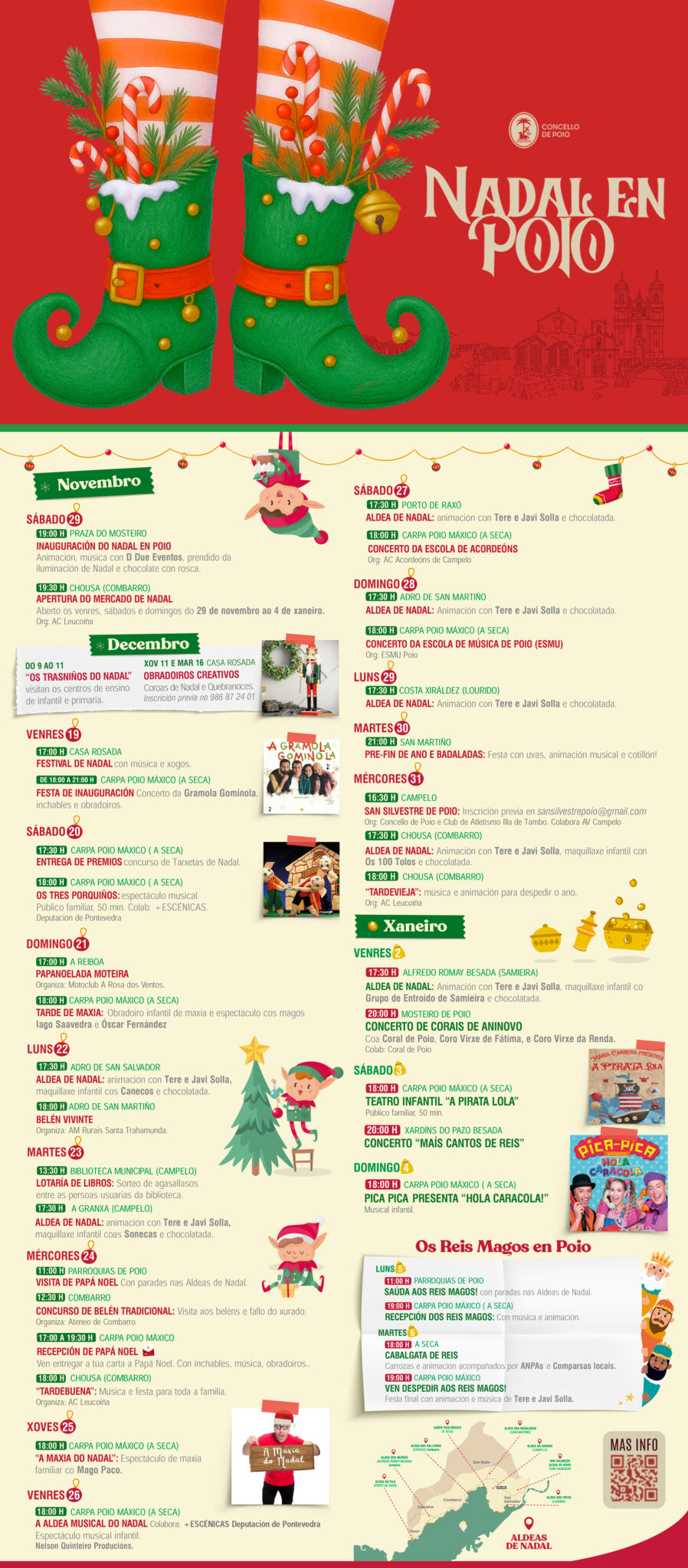 Os Elfos do Nadal de Poio serán o fío condutor para que cada Aldea sexa un lugar máxico con moita animación, música e bailes especiais da man de Javi Solla e Tere que se completarán con actividades de animación na rúa nas que están implicados diferentes colectivos para organizar sesións de teatro, batucadas, obradoiros, contos, panxoliñas, música ou incluso un anticipo das badaladas de fin de ano.
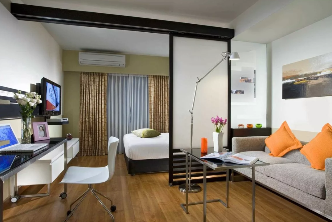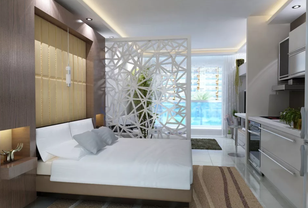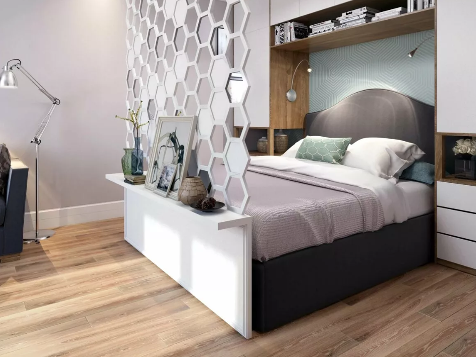 После выбора дизайна определяют вариант совмещения зон в одном пространстве. Отделить зону гостиной от спальни можно с помощью:
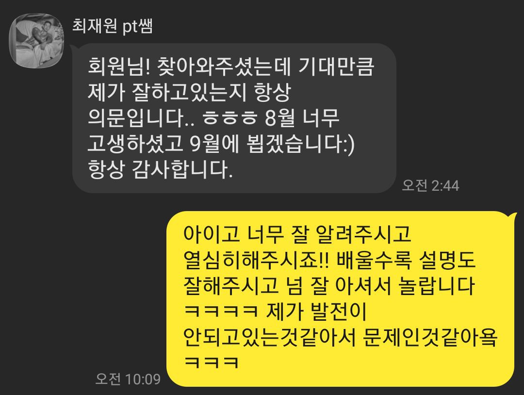 수업이 끝나자마자 바로 운동 피드백 보내주시고 피티가 끝난 뒤에도 모르는것이 있으면 친절하게 잘 알려주십니다 그리고 제가 만난 분중에 이렇게 운동에 진심인분 처음 봤습니다ㅎㅎ
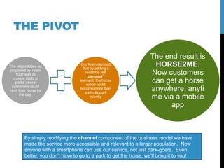 The team originally proposed renting horses at parks but modified it to an on-demand horse rental service called HORSE2ME using a mobile app. This makes the service more accessible than only being available at parks. The app allows users to request a horse anywhere and anytime which are brought to their location. The document describes the service, pricing plans, how to use the app, comparisons to other transportation services, and pitches the environmental and animal welfare benefits.
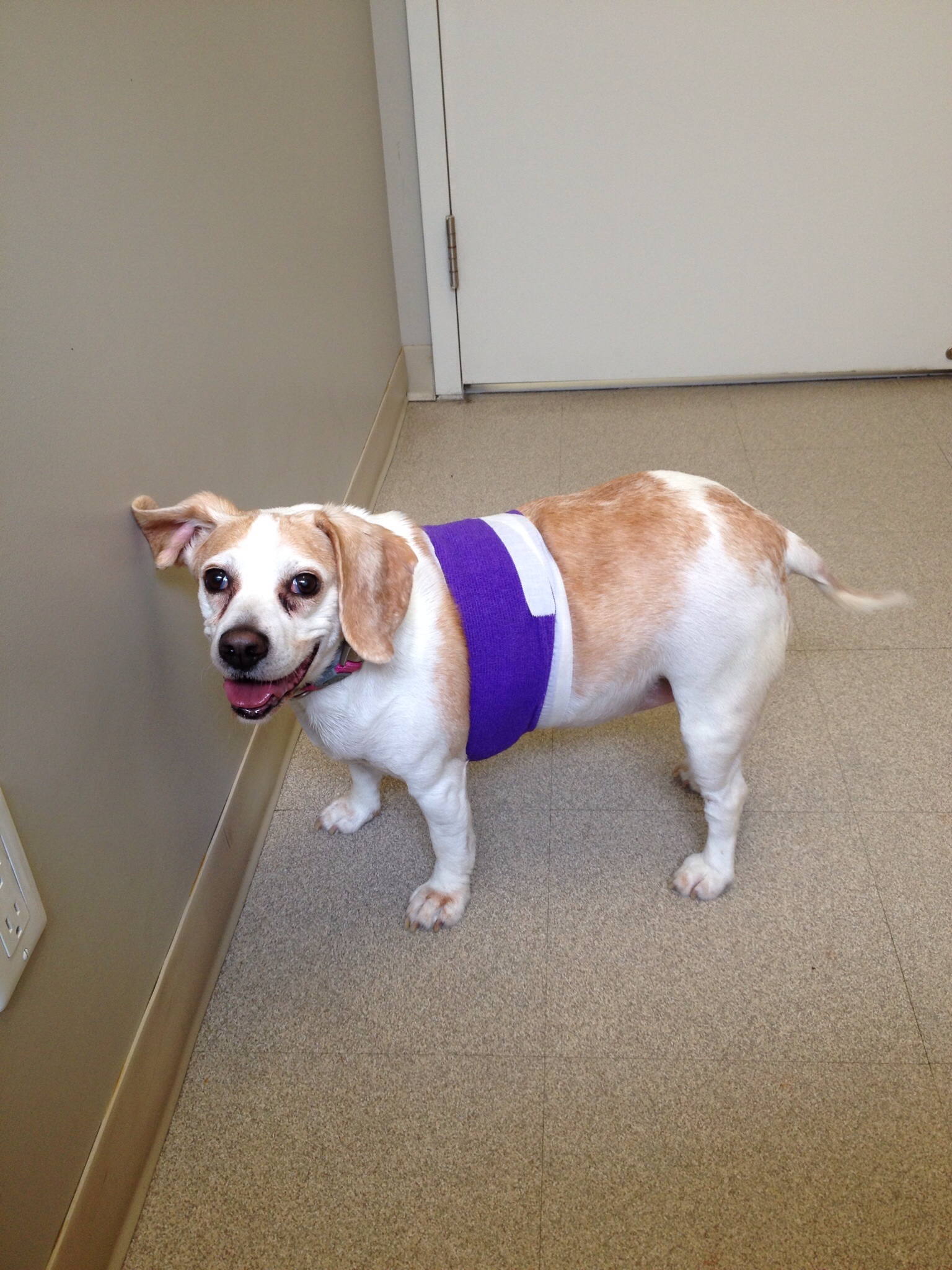My poor girl at the vet on Wednesday. Turns out a 'fat deposit' WAS a tumour and it burst. Here she s all bandaged up while I waited for the blood work to come back to find out if she was a candidate for surgery...thankfully she is! She goes on Monday to remove the tumour. Oh also the blood work confirmed she most likely has Cushing disease...poor Beagle...but she is so ridiculously happy & cute
──────────
[Action item]: Go through the entries above and write them out again exactly, images left behind.

[Output]:
 Os Elfos do Nadal de Poio serán o fío condutor para que cada Aldea sexa un lugar máxico con moita animación, música e bailes especiais da man de Javi Solla e Tere que se completarán con actividades de animación na rúa nas que están implicados diferentes colectivos para organizar sesións de teatro, batucadas, obradoiros, contos, panxoliñas, música ou incluso un anticipo das badaladas de fin de ano.
 После выбора дизайна определяют вариант совмещения зон в одном пространстве. Отделить зону гостиной от спальни можно с помощью:
 수업이 끝나자마자 바로 운동 피드백 보내주시고 피티가 끝난 뒤에도 모르는것이 있으면 친절하게 잘 알려주십니다 그리고 제가 만난 분중에 이렇게 운동에 진심인분 처음 봤습니다ㅎㅎ
 The team originally proposed renting horses at parks but modified it to an on-demand horse rental service called HORSE2ME using a mobile app. This makes the service more accessible than only being available at parks. The app allows users to request a horse anywhere and anytime which are brought to their location. The document describes the service, pricing plans, how to use the app, comparisons to other transportation services, and pitches the environmental and animal welfare benefits.
My poor girl at the vet on Wednesday. Turns out a 'fat deposit' WAS a tumour and it burst. Here she s all bandaged up while I waited for the blood work to come back to find out if she was a candidate for surgery...thankfully she is! She goes on Monday to remove the tumour. Oh also the blood work confirmed she most likely has Cushing disease...poor Beagle...but she is so ridiculously happy & cute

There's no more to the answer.